My academic background is in brain imaging, cognitive neuroscience, and psychosis research, with a strong focus on the biological mechanisms underlying severe mental illness. I hold an undergraduate degree in Psychology and a Master’s degree in Brain Imaging and Cognitive Neuroscience. I am a trained MRI operator with hands-on experience in functional MRI (fMRI), structural MRI (sMRI), magnetic resonance spectroscopy (MRS), and diffusion tensor imaging (DTI). I am well-versed in MRI data analysis, MRI safety procedures, and participant screening.
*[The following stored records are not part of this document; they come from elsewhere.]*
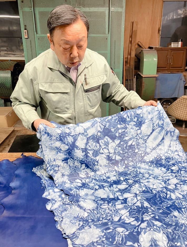 本来、植物由来の本藍(酸性)と皮革(アルカリ)は相性が悪く、染色すると皮革自体が硬くなり縮んでしまいます。そこで、伊藤産業で硬化と縮みを防ぐ下処理を行います。
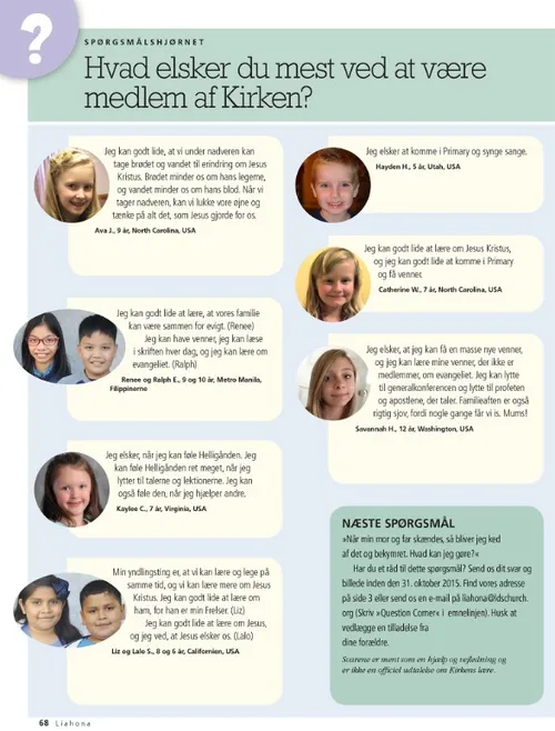 Oktober 2015 Forslag til familieaften Kom i mål, mens faklen endnu er tændt Dieter F. UchtdorfKom i mål, mens faklen endnu er tændt Hold jeres fakkel tændt: 30-dagesprøven Få jeres fakkel til at lyse mere klart Jesu Kristi guddommelige egenskaber: Fyldt med næstekærlighed og kærlighed Brooke BartonGjorde jeg nok? Rachel CoxGræskar eller meloner? Richard E. Turley Jr., Robin S. Jensen, and Mark Ashurst-McGeeSeeren Joseph Norman C. HillOrd, der kan ændre vores verden Carol F. McConkieLær de unge at lede som Frelseren Cynthia CollierFejring af familieaften Robert D. HalesFrelsesplanen: En hellig skat af kundskab til at vejlede os Sidste dages hellige røster Kelly LaingHvor vigtigt kunne det være? Sandy HowsonSøster Spafford talte til mig Amber CheneyJeg vidste ikke, hvorfor jeg var der John K. MuarorJeg bad om at kunne komme til Rotuma Unge voksne Randall L. RiddAt leve med oprigtig hensigt Unge Dallin H. OaksAt komme ud af pornografiens fælde På det rette sted på det rette tidspunkt På det rette sted på det rette tidspunkt Fátima Rocha GutiérrezParkeringsbilletten Chen Ching Chuan En telefonopringning i rette tid Plakat: Dit livs bog 1 Mosebog 1:26-27 Peng HuaMin søgen efter sandhed Gisela GuthierFantastiske unge mænd og unge piger i skrifterne Spørgsmål & svar Børn Marissa WiddisonEn vinderbeslutning Hvad elsker du mest ved at være medlem af Kirken? Vores side Erin SandersonPeter, Cornelius og englen Kimberly ReidFind hjælp Åh nej! Hvad gør jeg? Pauls græskar Ray GoldrupPauls græskar Græskarbedet Jan Pinborough and Michael F. MoodyMillioner stærke børn Henry B. EyringVejen til sikkerhed Linda K. BurtonIndblik
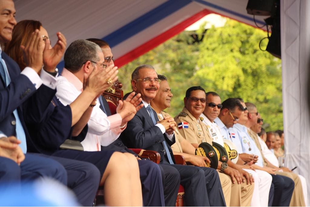 En la tarima presidencial también estuvieron el director general de Comunicación y portavoz del Gobierno, Roberto Rodríguez Marchena; así como los asistentes especiales del jefe de Estado, Carlos Pared Pérez, Robert de la Cruz y Miguel Mercedes.

My research includes work with large-scale datasets, where I have developed machine learning models to classify psychiatric phenotypes using neuroimaging and inflammatory biomarkers. I am particularly interested in developing computational tools to identify biologically informed biomarkers that can support personalised treatment approaches in psychiatry.

Alongside my computational research, I have extensive experience working directly with individuals experiencing mental health difficulties, including participant recruitment, informed consent, and clinical assessments. I also bring wet-lab expertise, enabling me to bridge basic neuroscience and clinical research. By integrating biochemical, neuroimaging, and computational approaches, I aim to develop data-driven models of severe mental illness that ultimately improve treatment outcomes.